Working out of a welding shop in Bicentennial Hall, a temporary arrangement, seven student teams have focused on key aspects of the car — powertrain, electrical, tires and brakes, chassis and suspension, aero, steering system and the combustion engine — and there is a core team of 12 students making regular contributions to the project, Parizeau said.
The Middlebury team was able to purchase a used chassis from the Dartmouth team to help it get going, and eight Midd students took a four-week welding class at the Hannaford Career Center this winter.
“None of us has a ton of experience,” said junior-Feb. Francesca Whitecross, who handles outreach for the team, “but we’re working together through Louis, who is very meticulous and has a good eye for detail.”

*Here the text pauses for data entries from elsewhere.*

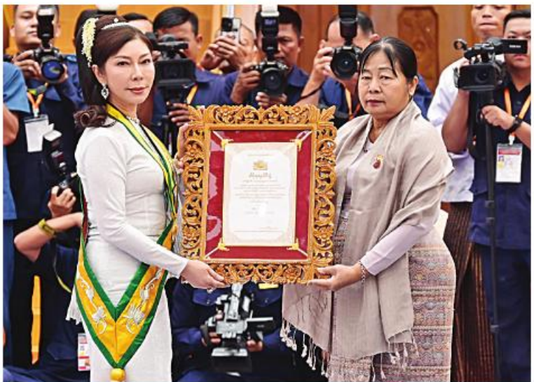
နိုင်ငံတော်စီမံအုပ်ချုပ်ရေးကောင်စီဒုတိယဥက္ကဋ္ဌ ဒုတိယဝန်ကြီးချုပ် ဒုတိယဗိုလ်ချုပ်မှူးကြီး စိုးဝင်း၏ဇနီး ဒေါ်သန်းသန်းနွယ် သီရိသုဓမ္မသီရိဘွဲ့ရရှိသူ ဒေါ်မော်မော်ညွန့်အား ဘွဲ့တံဆိပ်နှင့် အဆောင်အယောင်များ ချီးမြှင့်အပ်နှင်းစဉ်။

ဆက်လက်၍ ကောင်စီဝင်များ၊ ပြည်ထောင်စုအဆင့် ပုဂ္ဂိုလ်များ၊ ပြည်ထောင်စုဝန်ကြီးများ၊ ကာကွယ်ရေး ဦးစီးချုပ်ရုံးမှ တပ်မတော်အရာရှိကြီးများ နှင့် တာဝန်ရှိသူများက အဘိဓဇ အဂ္ဂမဟာ သဒ္ဓမ္မဇောတိက၊ အဘိဓဇမဟာရဒ္ဓဂုရု၊ အဂ္ဂ မဟာပဏ္ဍိတ၊ အဂ္ဂမဟာသဒ္ဓမ္မဇောတိကဇ၊ အဂ္ဂမဟာဂန္ထဝါစကပဏ္ဍိတ၊ အဂ္ဂမဟာ ကမ္မဋ္ဌာနာစရိယဘွဲ့ရရှိသည့် ဆရာတော် ကြီးများထံ ဘွဲ့တံဆိပ်တော်နှင့် အဆောင် အယောင်များကို ဆက်ကပ်ပူဇော်ကြသည်။ ယင်းနောက် နိုင်ငံတော်စီမံအုပ်ချုပ်ရေး ကောင်စီဥက္ကဋ္ဌ နိုင်ငံတော်ဝန်ကြီးချုပ်၏ ဇနီးက အဂ္ဂမဟာဂန္ထဝါစကပဏ္ဍိတ ဘွဲ့တံဆိပ်တော်ရ စစ်ကိုင်းမြို့၊ ဓေယျသီရိ သီလရှင်စာသင်တိုက် သီလရှင်ဆရာကြီး ဒေါ်ဂုဏဝတီနှင့် မုရွာမြို့၊ ဒေသဝတီသီလရှင် စာသင်တိုက် သီလရှင်ဆရာကြီး ဒေါ်ဓမ္မေသီ တို့ထံ ဘွဲ့တံဆိပ်တော်နှင့်အဆောင်အယောင် များ ဆက်ကပ်ပူဇော်ကြသည်။ ဆက်လက်၍ သာသနာ့နဂါးဘွဲ့တံဆိပ် များကို ချီးမြှင့်အပ်နှင်းရာ နိုင်ငံတော်စီမံ အုပ်ချုပ်ရေးကောင်စီဥက္ကဋ္ဌ နိုင်ငံတော် ဝန်ကြီးချုပ်က အဂ္ဂမဟာသီရိသုဓမ္မ မဏိလောတစရဘွဲ့ရရှိသူ ဒေါက်တာ မောင်မောင်ဦး၊ သီရိသုဓမ္မမဏိလောတစရ ဘွဲ့ရရှိသူများဖြစ်ကြသည့် ဦးမန်းစိန်နှင့် ဦးဝမ်ရှင်ရွှေတို့အား ဘွဲ့တံဆိပ်နှင့်အဆောင် အယောင်များ ချီးမြှင့်အပ်နှင်းသည်။ ယင်းနောက် နိုင်ငံတော်စီမံအုပ်ချုပ်ရေး ကောင်စီဒုတိယဥက္ကဋ္ဌ ဒုတိယဝန်ကြီးချုပ် က သီရိသုဓမ္မမဏိလောတစရဘွဲ့ရရှိသူ ဦးအောင်ကိုလော်အား ဘွဲ့တံဆိပ်နှင့်အဆောင်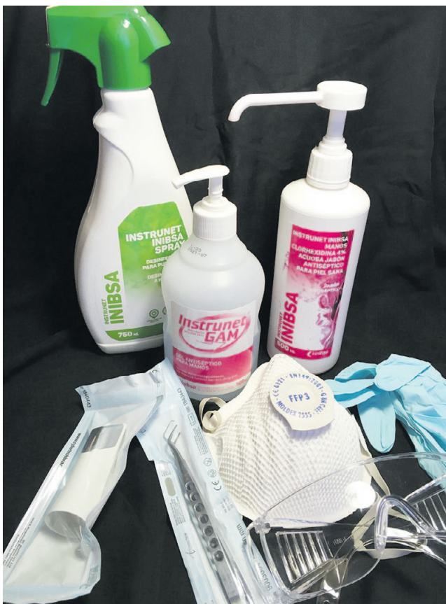
Alguns dels productes usats per a neteja, desinfecció i protecció per evitar infeccions creuades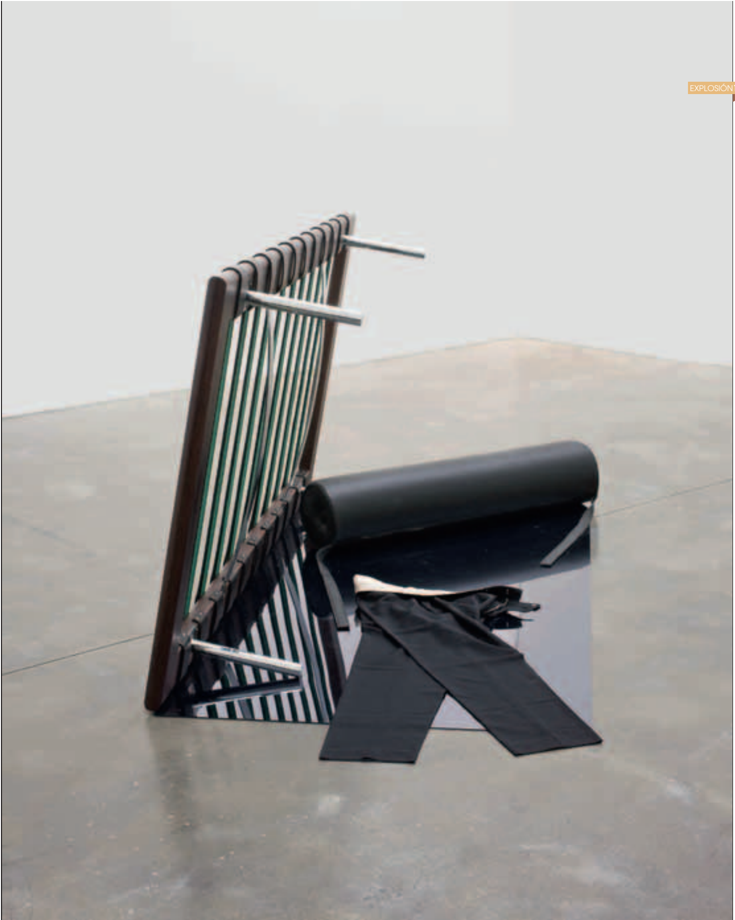
TOM BURR , Black Slacks, 2008. Bortolami. New York.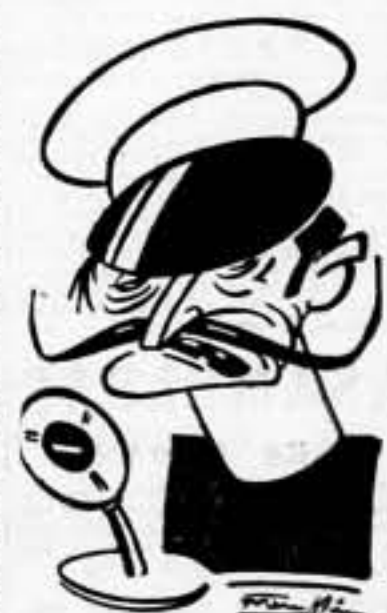
Las palabras se las lleva el viento

Leed los partes de guerra de ayer y del domingo en la página segunda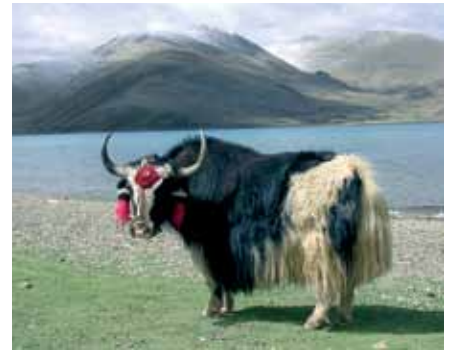
Tibet: Yak am Yamdrok-See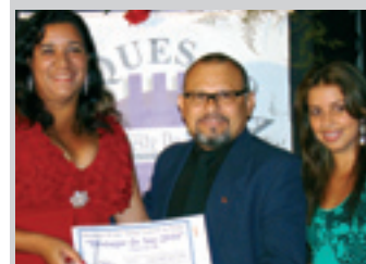
LENE CHECK LINE CARD Cartão de Crédito Rua Goiás, 334 (38) (38) 3671 5055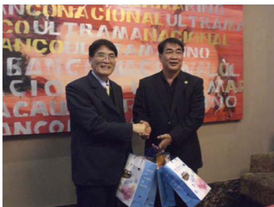
高校長致贈紀念品給陳校長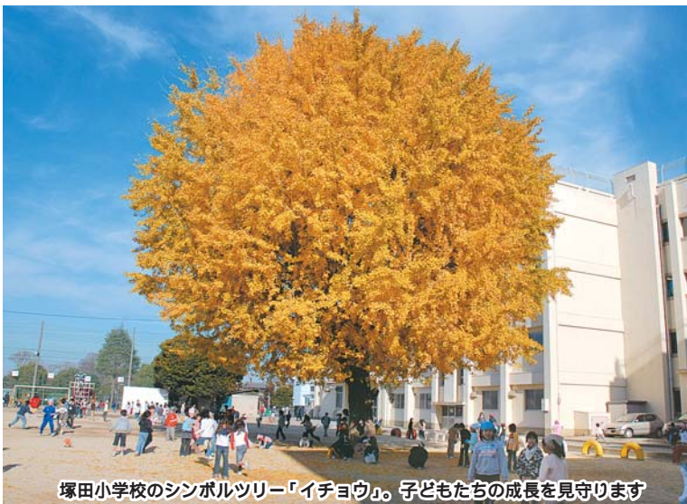
塚田小学校のシンボルツリー「イチョウ」。子どもたちの成長を見守ります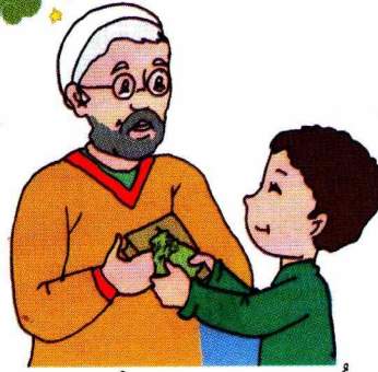
أُحِبُّكَ يَا جَدِّي الْعَزِيزِ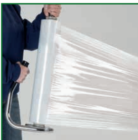
leichte Handhabung durch geringes Gewicht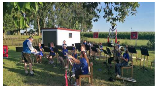
Bei der Sommerserenade waren auch unsere Jungmusiker*innen mit von der Partie.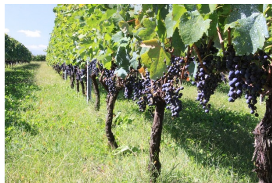
収穫を待つワイン用ぶどう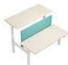
Composition 6 Dim : L. 180 x P. 169 x H. 65/125 cm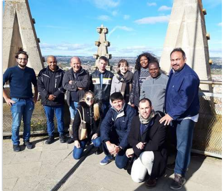
Sortida taller amb els usuaris i l'equip de Lleida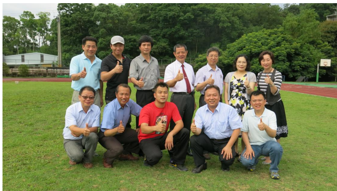
國立大湖農工室設科教學團隊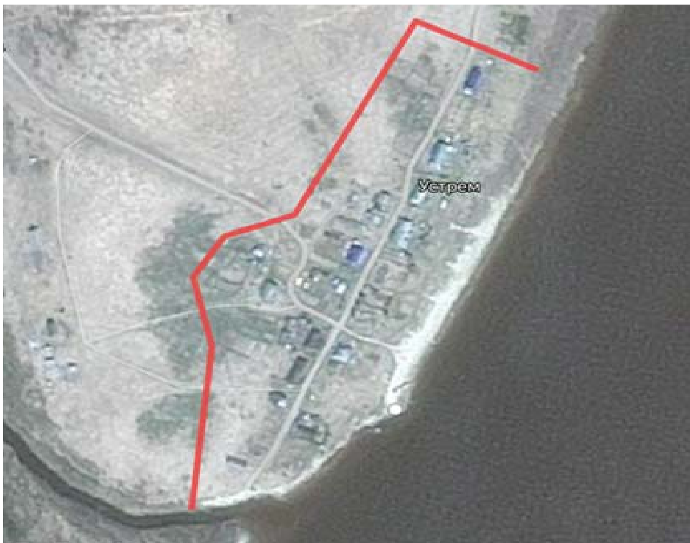
Схема минерализованной полосы п. Устрем

Приложение 2 к распоряжению администрации Березовского района от _____ 2025 года № _____

Parizeau has created a spreadsheet to guide and track the project, she said.
“Everything is really organized with set deadlines and details like ‘this is what’s going to happen,’ ‘this is what the cost is,’ ‘these are the parts we have to order,’ ‘these are the skills required,’ and ‘here are some YouTube videos on how to do it if you don’t know how to do it.’”
As with anything this complicated, undertaken for the first time, there have been challenges.
“At one point we had these strange nuts and bolts we couldn’t figure out the measurements of,” Whitecross said.
They had been included with the parts the team had purchased from Dartmouth, and the blueprints were confusing. Some of the instructions were written in Italian.
“So we had to look up some Italian mechanic’s handy-book,” Whitecross said. “I speak Italian so I was able to translate that, thank goodness. But when you don’t have an established program with like 16 mentors, it’s a lot of googling ‘How does this work?’ or ‘What does this mean?’”
The hardest part for Parizeau has been the meticulous organizing, he said. But he loves doing the other work.
“I’m learning a lot about electrical wiring, though not up to the level of electrical engineering, and about sensors and local networks,” he said.
Whitecross, who’s majoring in neuroscience and Russian, doesn’t expect to become an engineer, but she’s always loved being around cars and she grew up steeped in auto racing culture.
On the French side of her family, her grandfather was a car racer. On the Italian side of her family, her great-uncles and great-grandparents were car racers and car collectors, and the family home in Italy is filled with car trophies and “car magazines and catalogs stacked floor-to-ceiling.”
So spending time on this project and around the people who are really passionate about it just felt like a natural extension of her own interests, she said.
STEP BY STEP
In the next week or so the Middlebury Hybrid Formula team is looking to reach a big milestone: getting the chassis rolling.
They had hoped to be done with that part by now but they’re still waiting for some parts to arrive — an all-too-common situation given the ongoing manufacturing and supply chain issues caused by the pandemic.
In addition to actually building the car, the team has also been raising money for the project, to pay for tools, car parts, safety equipment for student racers and transportation to and from the New Hampshire competition.
As of Wednesday morning, their Just Giving campaign had raised $13,210 of its $15,000 goal. For more information about the campaign visit https://tinyurl.com/middrace22.
Meanwhile, the project has started to gain some attention on campus.
“We have a waitlist of about 130 people to race the car,” Parizeau said.
The students are also looking for a permanent home for their hybrid formula team, which Parizeau hopes will persist after he graduates in May.
“Since there’s no engineering department there’s no big space to do engineering projects,” Parizeau said. “But the administration has been working pretty hard to find us a good spot.”
Parizeau is not sure yet what he’ll do after graduation, he said, and it’s unlikely he’ll pursue any additional schooling related to racecars.
“But I might spend some of my own time on it, do my own projects, and work on them out in the garage.”